Anyway, that's all background information. I'm trying to merge all of these AnnData objects into one.

>>> loom_data
[AnnData object with n_obs × n_vars = 5000 × 36601
    obs: 'comp.ident'
    var: 'Accession', 'Chromosome', 'End', 'Start', 'Strand'
    layers: 'ambiguous', 'matrix', 'spliced', 'unspliced', AnnData object with n_obs × n_vars = 5773 × 36601
    obs: 'comp.ident'
    var: 'Accession', 'Chromosome', 'End', 'Start', 'Strand'
    layers: 'ambiguous', 'matrix', 'spliced', 'unspliced', AnnData object with n_obs × n_vars = 6807 × 36601
    obs: 'comp.ident'
    var: 'Accession', 'Chromosome', 'End', 'Start', 'Strand'
    layers: 'ambiguous', 'matrix', 'spliced', 'unspliced', AnnData object with n_obs × n_vars = 5613 × 36601
    obs: 'comp.ident'
    var: 'Accession', 'Chromosome', 'End', 'Start', 'Strand'
    layers: 'ambiguous', 'matrix', 'spliced', 'unspliced', AnnData object with n_obs × n_vars = 6052 × 36601
    obs: 'comp.ident'
    var: 'Accession', 'Chromosome', 'End', 'Start', 'Strand'
    layers: 'ambiguous', 'matrix', 'spliced', 'unspliced', AnnData object with n_obs × n_vars = 3500 × 36601
    obs: 'comp.ident'
    var: 'Accession', 'Chromosome', 'End', 'Start', 'Strand'
    layers: 'ambiguous', 'matrix', 'spliced', 'unspliced', AnnData object with n_obs × n_vars = 10510 × 36601
    obs: 'comp.ident'
    var: 'Accession', 'Chromosome', 'End', 'Start', 'Strand'
    layers: 'ambiguous', 'matrix', 'spliced', 'unspliced', AnnData object with n_obs × n_vars = 9356 × 36601
    obs: 'comp.ident'
    var: 'Accession', 'Chromosome', 'End', 'Start', 'Strand'
    layers: 'ambiguous', 'matrix', 'spliced', 'unspliced', AnnData object with n_obs × n_vars = 3246 × 36601
    obs: 'comp.ident'
    var: 'Accession', 'Chromosome', 'End', 'Start', 'Strand'
    layers: 'ambiguous', 'matrix', 'spliced', 'unspliced', AnnData object with n_obs × n_vars = 1132 × 36601
    obs: 'comp.ident'
    var: 'Accession', 'Chromosome', 'End', 'Start', 'Strand'
    layers: 'ambiguous', 'matrix', 'spliced', 'unspliced', AnnData object with n_obs × n_vars = 13595 × 36601
    obs: 'comp.ident'
    var: 'Accession', 'Chromosome', 'End', 'Start', 'Strand'
    layers: 'ambiguous', 'matrix', 'spliced', 'unspliced', AnnData object with n_obs × n_vars = 9541 × 36601
    obs: 'comp.ident'
    var: 'Accession', 'Chromosome', 'End', 'Start', 'Strand'
    layers: 'ambiguous', 'matrix', 'spliced', 'unspliced']

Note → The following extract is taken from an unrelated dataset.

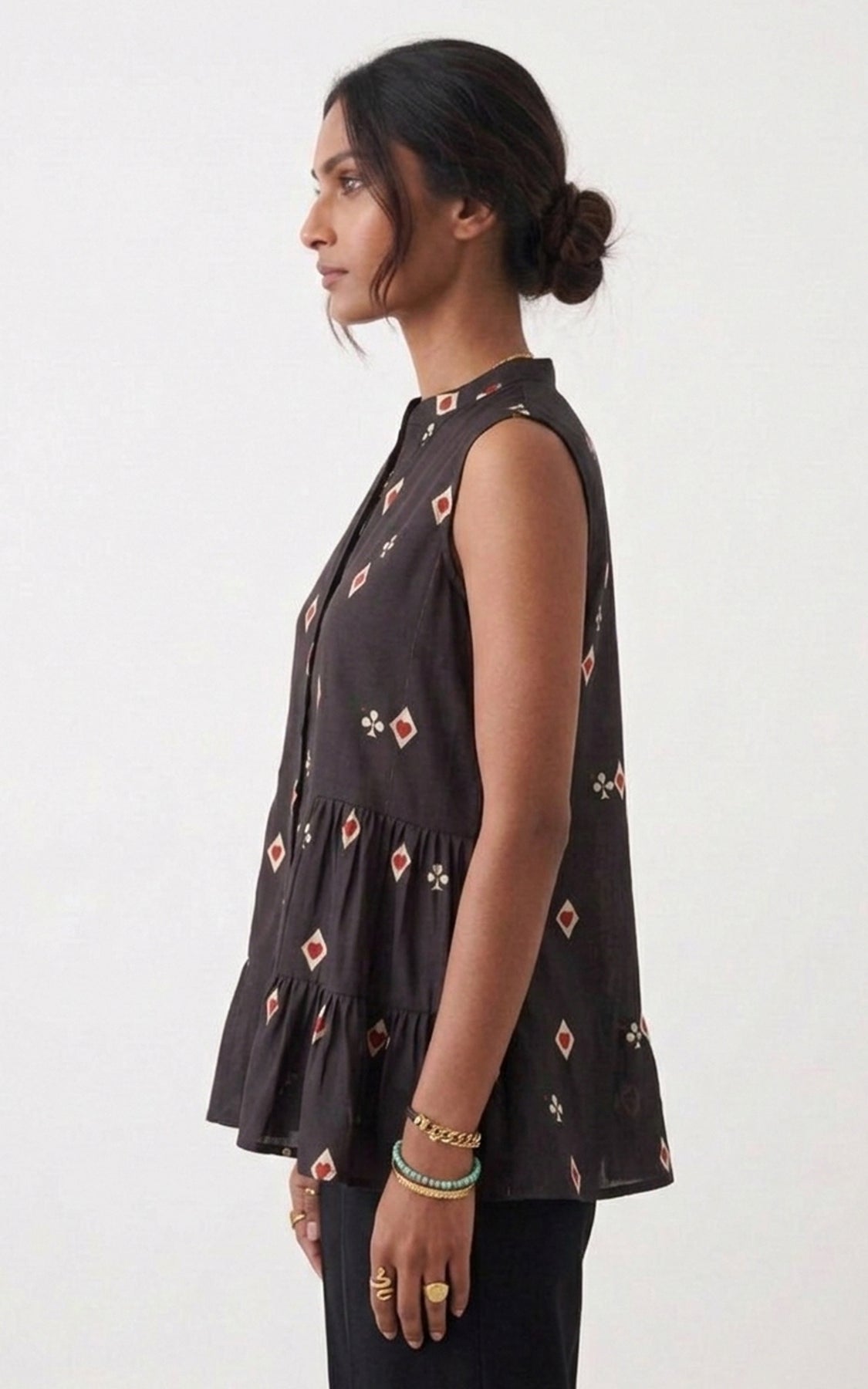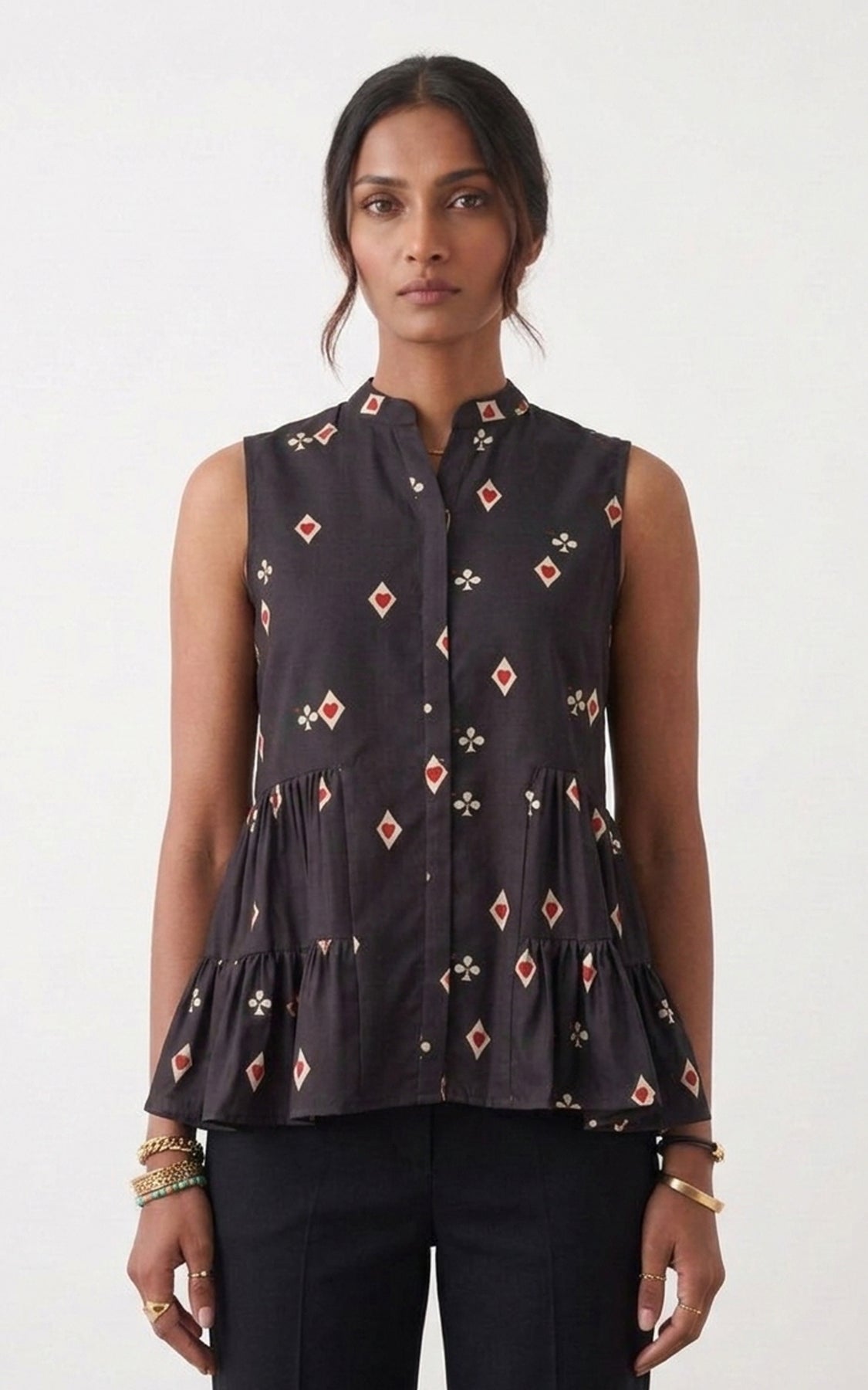 Black printed sleeveless tiered shirt

I'm having trouble understanding how to do this. All of the barcodes, which are loom_data[i].obs.index, are unique and contain a suffix for the sample they correspond to. Ultimately, I want to bring in these layers into another AnnData object using scVelo.

The issue is calling sc.concat. It's the genes that have overlap; none of the barcodes are supposed to match across the 12 list elements. So I want to select the vars axis, which I think is 1, and I want the union of all of the elements in the other axis:

test = sc.concat(loom_data, axis = 1, join = 'outer')

But when I call the line above, I get a concatenation of all of the genes with the names made unique, even though I want to consolidate their counts:

>>> test
AnnData object with n_obs × n_vars = 80125 × 439212
    var: 'Accession', 'Chromosome', 'End', 'Start', 'Strand'
    layers: 'ambiguous', 'matrix', 'spliced', 'unspliced'

I want the genes that aren't present in all samples to just have 0 counts. How would this be possible?

1

There are 1 answers

0
CelineDion On

I just made the var names unique first and then concatenated along the obs instead of vars.

# for each element in loom_data, make var names unique
for ldata in loom_data:
    ldata.var_names_make_unique()

test = sc.concat(loom_data, axis = 0, join = 'outer')
>>> test
AnnData object with n_obs × n_vars = 80125 × 36601
    obs: 'comp.ident'
    layers: 'ambiguous', 'matrix', 'spliced', 'unspliced'

~36k genes is about what I expected.